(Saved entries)

========

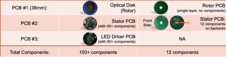 A typical optical solution requires a total of three PCBs – the optical disc, the stator PCB, and the LED driver PCB, with approximately 100 components required to implement the full functionality.
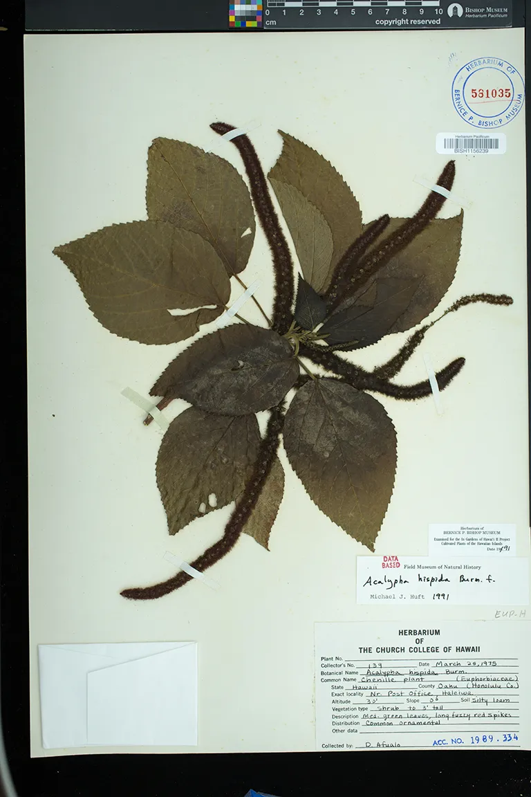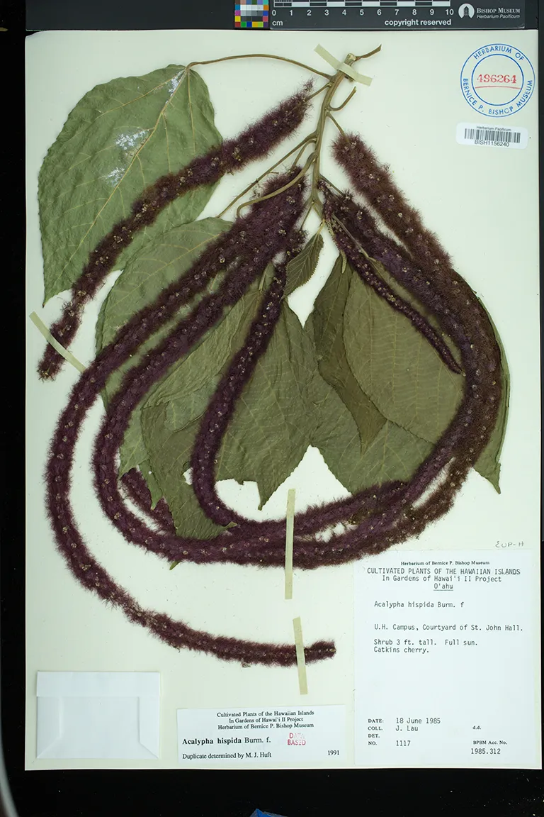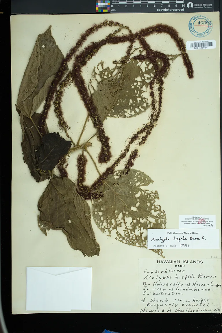 | 13 | Acalypha hispida | Burm.f. | foster's garden | PRESERVED_SPECIMEN | forbes, a. | collector number: s.n. | Oahu | BISH | 10/11/1929 | |
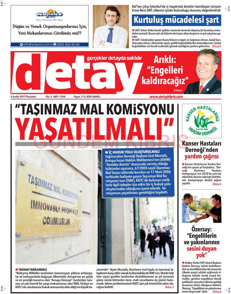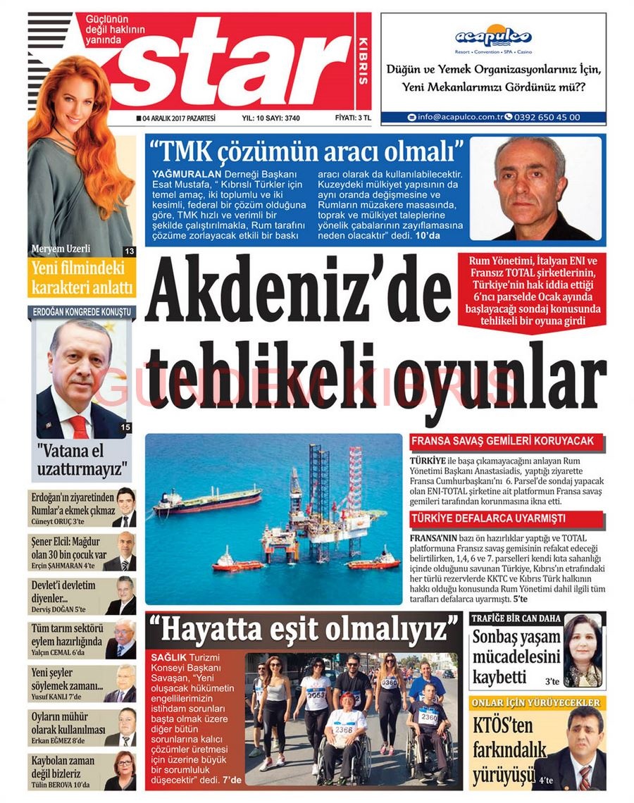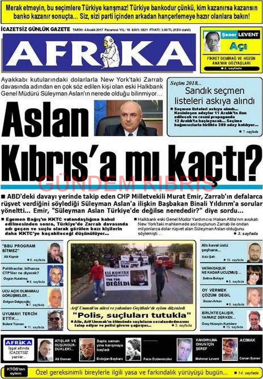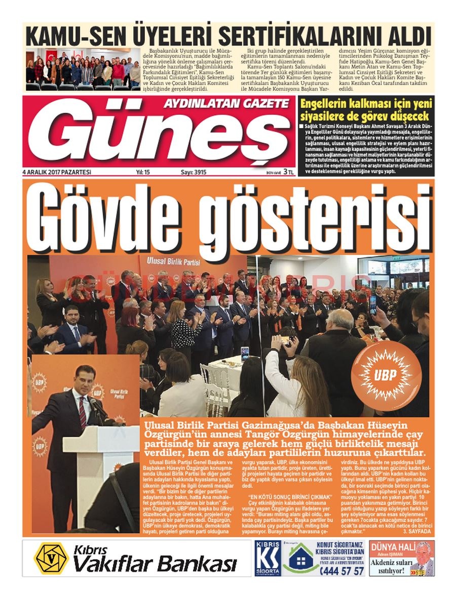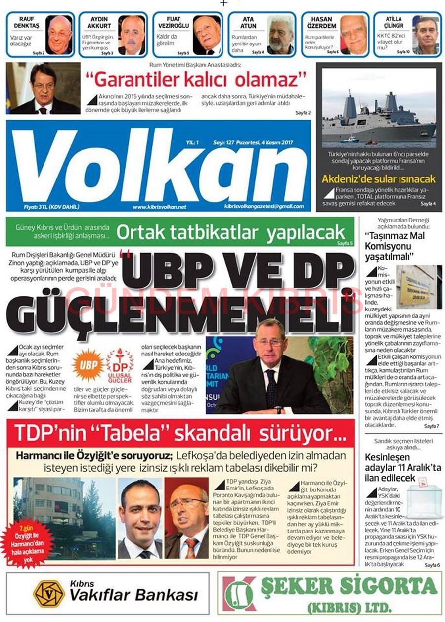 KKTC Gazete Manşetleri 4 Aralık 2017
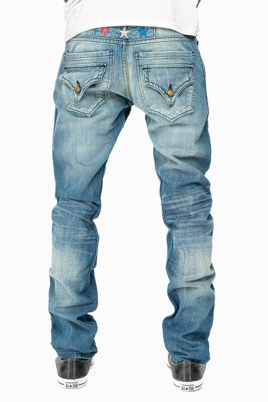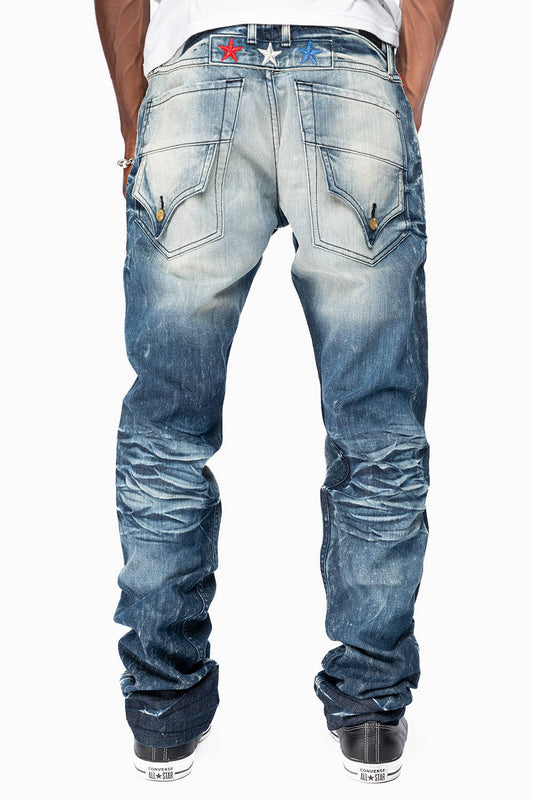 ROBINS RED LABEL BIKER JEANS IN MEDIUM BLUE WASH
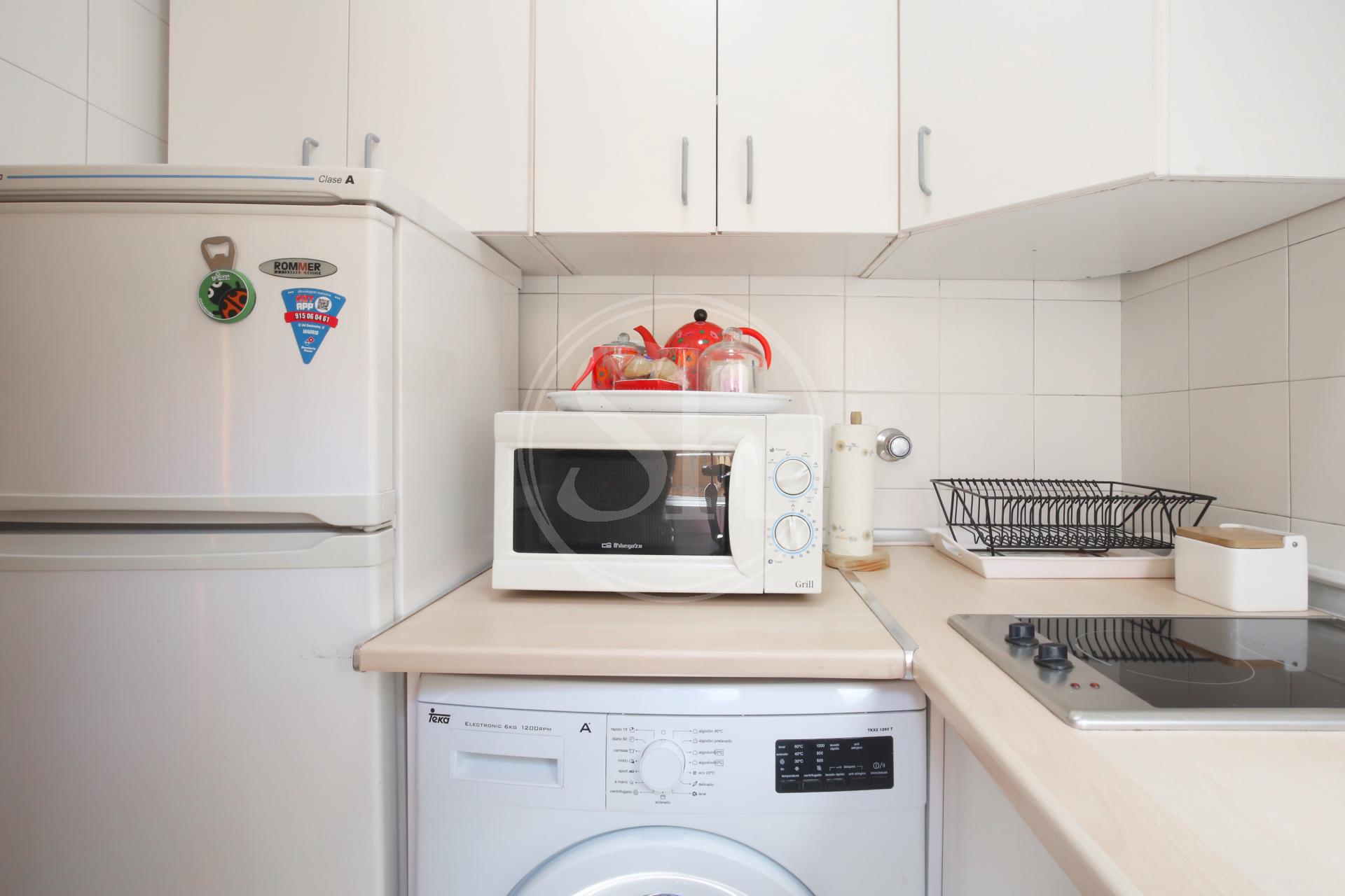 La cucina è separata e dotata di piano cottura in vetroceramica, forno a microonde, frigorifero e congelatore, nonché di tutti gli utensili da cucina . Dispone inoltre di un bagno completo .

========

## About this exercise:
The line containing "ROBINS RED LABEL" and every line after it, through the end of the records, are what you should retype exactly. Do not include the pictures.

## Written response:
 ROBINS RED LABEL BIKER JEANS IN MEDIUM BLUE WASH
 La cucina è separata e dotata di piano cottura in vetroceramica, forno a microonde, frigorifero e congelatore, nonché di tutti gli utensili da cucina . Dispone inoltre di un bagno completo .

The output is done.